Green is the new Crimson. Al Gore speaks at Harvard.

Thanks everyone, especially Amanda, for your helpful thoughts about how to dress for the impending New England Winter.  Keep them coming!  I implemented some of the suggestions today when I braved the chill to hear Al Gore speak in Harvard Yard.  Today Harvard University launched it's "Green is the new Crimson" campaign, with Al Gore as keynote speaker of the Student Address.  

"Green is the new Crimson" is an ambitious plan to reduce Harvard's Carbon footprint to 60% of the 2006 levels by 2015.  The plan is already in full effect and I am impressed by the zeal that the whole unversity has taken to the undertaking.  The Public Health School has a three-bin waste disposal system (compost (yes!), recycle and rubbish).  Not only that, but all take-away plates, cultery and drink containers are made from biodegradable products.  The cafeteria actively promotes students and faculty bringing their own cups and mugs for tea, coffee and cold drinks.  The cafe has also removed many bottled drinks in favour of self-serve, pour-your-own drink machines.  All our assignments are handed in via an internet "drop box".  Over at my accommodation at the start of the year I was supplied with energy efficient light globes, dish-washing powder and laundry liquid.  At a higher level the university has started a multi-disciplinary "think tank" of students and faculty which crosses all departments with the aim of generating research and innovation into ways to reduce, reuse and hopefully slow the progress of climate change.

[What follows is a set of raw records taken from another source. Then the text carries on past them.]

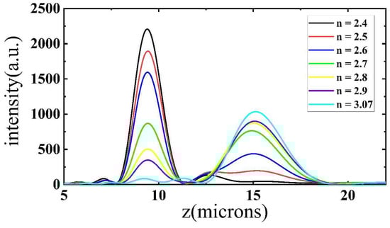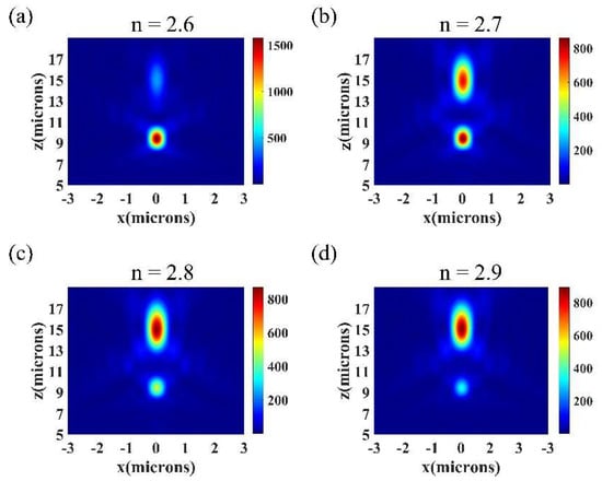 In order to demonstrate that the intensity ratio between the two focal points of the designed metalens can be modulated, the refractive index of BTO was set as 2.6, 2.7, 2.8 and 2.9 (with applied voltages of 18 V, 27 V, 36 V and 45 V). In Figure 6, the intensity distributions of the simulated results are shown. Combined with Figure 5a,d, the results showed that when the refractive index of BTO gradually increased, the intensity of the first focal point (with focal length f1 = 9 μm) would gradually decrease until the focal point disappeared. Additionally, the intensity of the second focal point (with focal length f2 = 15 μm) showed a trend of a gradual increase.
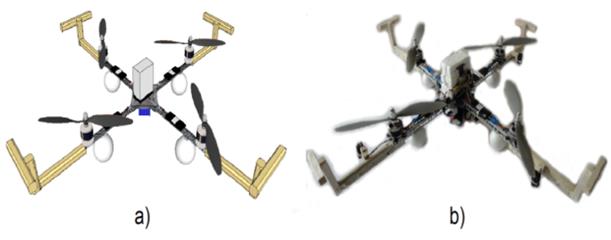 Se midieron los parámetros utilizados para realizar las simulaciones, en donde se obtuvo que la masa m = 1.075kg, y longitud del centro de masa al rotor, l = 0.21m el valor de gravedad que ya es conocido g = 9.81m/s. Los valores de las inercias del sistema fueron hallados utilizando un software con licencia GPL denominado Open Cascade, para desarrollo en 3D, en este software el modelo diseñado previamente en Google SketchUp es cargado y especificándole el tipo de materiales y el peso de cada una de las partes, genera las respectivas inercias en cada uno de los ejes, obteniendo así los valores correspondientes, en la Figura 5 se observa el prototipo simulado e implementado.
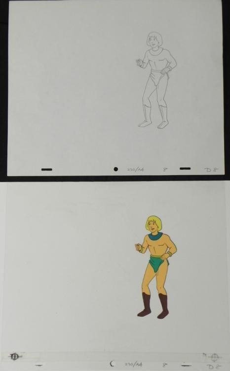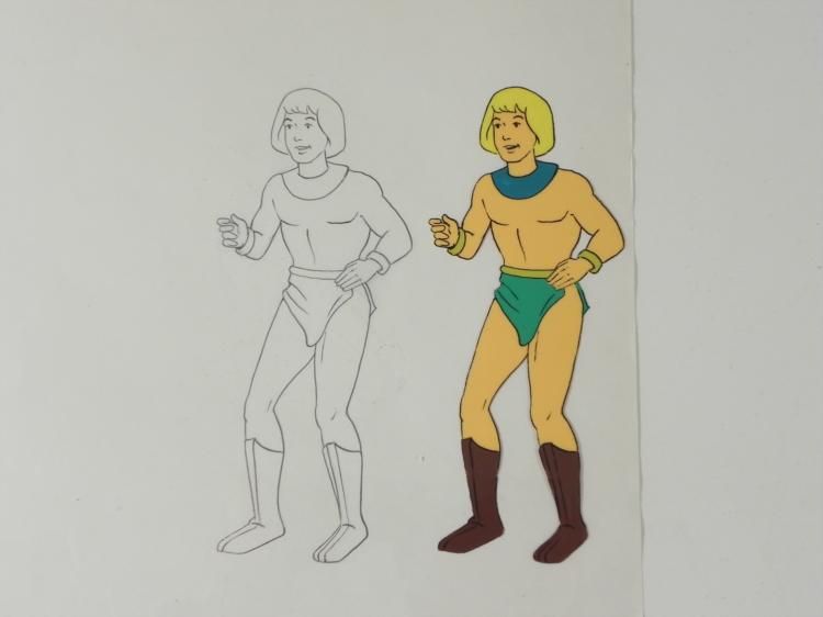 The Herculoids battled to defend their planet from menaces on Amzot/Quasar and from outer space. All of the Herculoids displayed Human-level intelligence - employing precision teamwork and complex tactics - as well as emotions, and Zandor and Tara both displayed a working knowledge of complex alien technologies as well as the ability to pilot interstellar spacecraft-but essentially, Zandor, Tara, Dorno, and the Herculoids were fighting to keep Amzot/Quasar a technology-free, primitive planet. This is frther indicated by the pseudo-barbarian outfits of Zandor, Tara, and Dorno and the fact that technology was used mainly by the various villains, but rarely if ever by the heroes. Although the "speech" of their companions was limited and repetitive, Zandor, Tara and Dorno demonstrated that Gloop and Gleep, at least, had a comprehensive mode of communication, and that they could at least understand and interpret this language. **The cel and drawing are at least 35 years old. Uh-huh, uh-huh... Yeah!!! Great idea!!! Original Animation and Drawing Original "rough" animation drawing, in black and non-photo blue pencil with the notations in black. Overall Size of Drawing: 10 1/2" x 12 1/2" Overall Size of the Cel: 10 1/2" x 12 1/2" Overall condition: Cel- Very good; minor wear to Dorno's outline & Drawing- Excellent This is an original hand-painted cel used in the production of an episode of "Herculoids." Each cel represents a slight change in position of the characters. When individually photographed and projected in rapid succession, the images appear to move. To create production cels, the original animator's drawing is transferred onto an acetate cel (by hand-inking and/or photo copying). The cel is then hand-painted on the reverse side. The drawing and cel are ready to be matted and framed. The notations are located at the bottom of both (taped to the bottom of the cel).
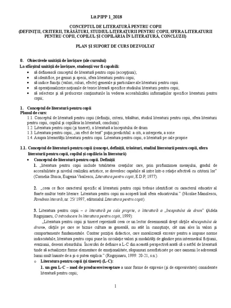 Accepţiuni, disensiuni conceptuale, caracteristici ale textelor pentru copii. Literatura pentru copii programul curs. Pentru a fi corespunzătoare vârstei, aceste texte se aleg din ceea ce numim „literatură pentru copii". Literatură pentru copii, literatură minoră/majoră, producere textuală, mod de lectură, paraliteratură. Literatură pentru copii note de curs conf.
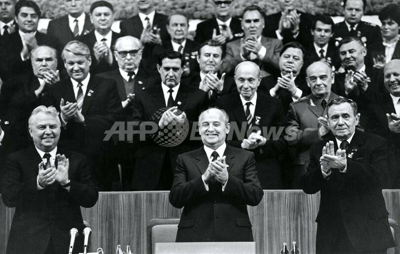写真はモスクワで、ゴルバチョフ大統領(前列中央)時代の旧ソビエト連邦共産党大会。故エリツィン前大統領(2列目左)のほか、アンドレイ・グロムイコ(Andrei Gromyko)外相(前列右)やエゴール・リガチョフ(Igor Ligachyov )第二書記(前列左)らの顔も見える(1986年2月25日撮影)。(c)AFP
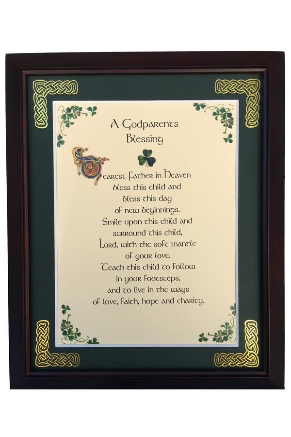 Features - Our blessings are printed on ivory card, and are presented in a forest green matting with gold Celtic knots embossed on the corners. Set behind glass and displayed in a elegant dark walnut frame of Italian design. The backing has a hanger and an attached easel to allow for both wall and tabletop display. Each frame comes individually boxed in a bubble wrap sleeve.

Ironically it was about 8 degrees in Harvard Yard when Al Gore spoke to a huge crowd about the need to act on climate change now.  I can truthfully say it was an absolute honour to hear him speak.  He is clearly an incredibly intelligent man with some very bold thoughts about the future.  In a thoughtful, well-measured speach he argued strongly that there is an urgent need for the world to stand-up against politicians and policy makers altering the facts for their own short-term gains.  Using examples from throughout history including Gallieo's jailing for suggesting that the world was not the centre of the universe, to the evasion of Iraq, and most recently the evolution of the subprime lending schemes contributing to the current finanical crisis, he argued that just because we cannot see, smell, feel or touch Carbon, doesn't mean that taking it out of the earth's crust and depositing it into the atmosphere is not going to have huge consequences for the earth.  The "inconvenient truth" should not be shut away, or jailed, but be faced head on with courage and stamina.  A call to arms to which we can all contribute, whether it's turning off the light, taking 30 seconds less in the shower, converting to renewable power sources or researching the latest carbon sequestration scheme.

21.10.08

Harvard Happenings and Notes on Being Cold

Another public health moment, brought to you by the city of Boston.  This time from the toilet of a fantastic bar that I've just discovered near my house in Cambridge.  And yes, for those of you who were wondering - I've started taking my camera EVERYWHERE.  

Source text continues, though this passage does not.